**Data to examine**
────────

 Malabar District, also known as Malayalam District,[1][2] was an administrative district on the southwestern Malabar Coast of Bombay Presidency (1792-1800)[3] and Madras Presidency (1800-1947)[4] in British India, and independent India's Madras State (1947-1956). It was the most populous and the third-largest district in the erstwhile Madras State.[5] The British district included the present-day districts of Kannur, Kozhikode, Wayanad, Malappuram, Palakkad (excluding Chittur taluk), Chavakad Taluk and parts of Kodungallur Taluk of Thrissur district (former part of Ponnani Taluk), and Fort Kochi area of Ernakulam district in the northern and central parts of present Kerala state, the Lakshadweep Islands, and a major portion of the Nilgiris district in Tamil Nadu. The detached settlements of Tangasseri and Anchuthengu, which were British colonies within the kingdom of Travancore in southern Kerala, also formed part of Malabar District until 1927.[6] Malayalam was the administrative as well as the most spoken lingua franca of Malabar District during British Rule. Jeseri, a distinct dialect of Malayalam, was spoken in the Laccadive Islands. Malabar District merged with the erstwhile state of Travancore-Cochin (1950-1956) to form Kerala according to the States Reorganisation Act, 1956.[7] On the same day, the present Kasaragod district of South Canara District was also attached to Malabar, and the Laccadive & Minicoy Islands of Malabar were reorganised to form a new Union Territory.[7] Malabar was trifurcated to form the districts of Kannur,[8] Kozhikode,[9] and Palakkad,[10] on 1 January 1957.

────────

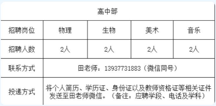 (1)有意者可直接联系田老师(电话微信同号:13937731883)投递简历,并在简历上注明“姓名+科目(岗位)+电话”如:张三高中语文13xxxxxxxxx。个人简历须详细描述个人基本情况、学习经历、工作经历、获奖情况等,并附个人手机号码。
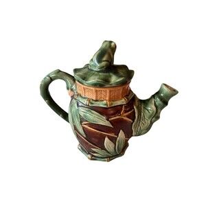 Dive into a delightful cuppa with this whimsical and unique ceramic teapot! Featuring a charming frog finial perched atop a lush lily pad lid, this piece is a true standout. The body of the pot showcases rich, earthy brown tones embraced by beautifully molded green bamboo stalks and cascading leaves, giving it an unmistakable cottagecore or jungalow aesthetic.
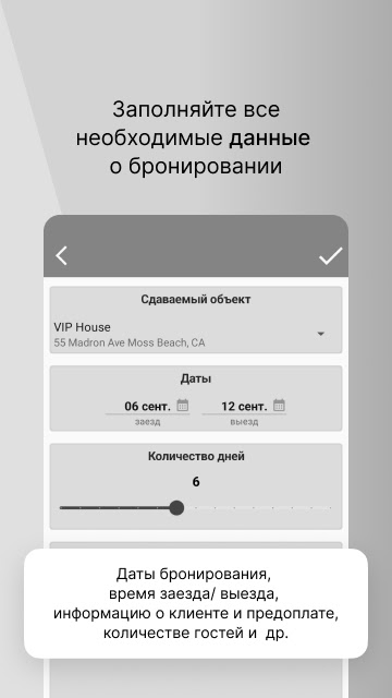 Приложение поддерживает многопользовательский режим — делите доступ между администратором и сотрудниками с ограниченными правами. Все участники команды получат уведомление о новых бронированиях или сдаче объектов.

────────

**What the exercise asks**
Transcribe exactly the lines above, beginning at the one with "Dive into a" and going up to and including the one with "Приложение поддерживает многопользовательский". Pictures do not belong in the copy.

**Solution to this exercise**
 Dive into a delightful cuppa with this whimsical and unique ceramic teapot! Featuring a charming frog finial perched atop a lush lily pad lid, this piece is a true standout. The body of the pot showcases rich, earthy brown tones embraced by beautifully molded green bamboo stalks and cascading leaves, giving it an unmistakable cottagecore or jungalow aesthetic.
 Приложение поддерживает многопользовательский режим — делите доступ между администратором и сотрудниками с ограниченными правами. Все участники команды получат уведомление о новых бронированиях или сдаче объектов.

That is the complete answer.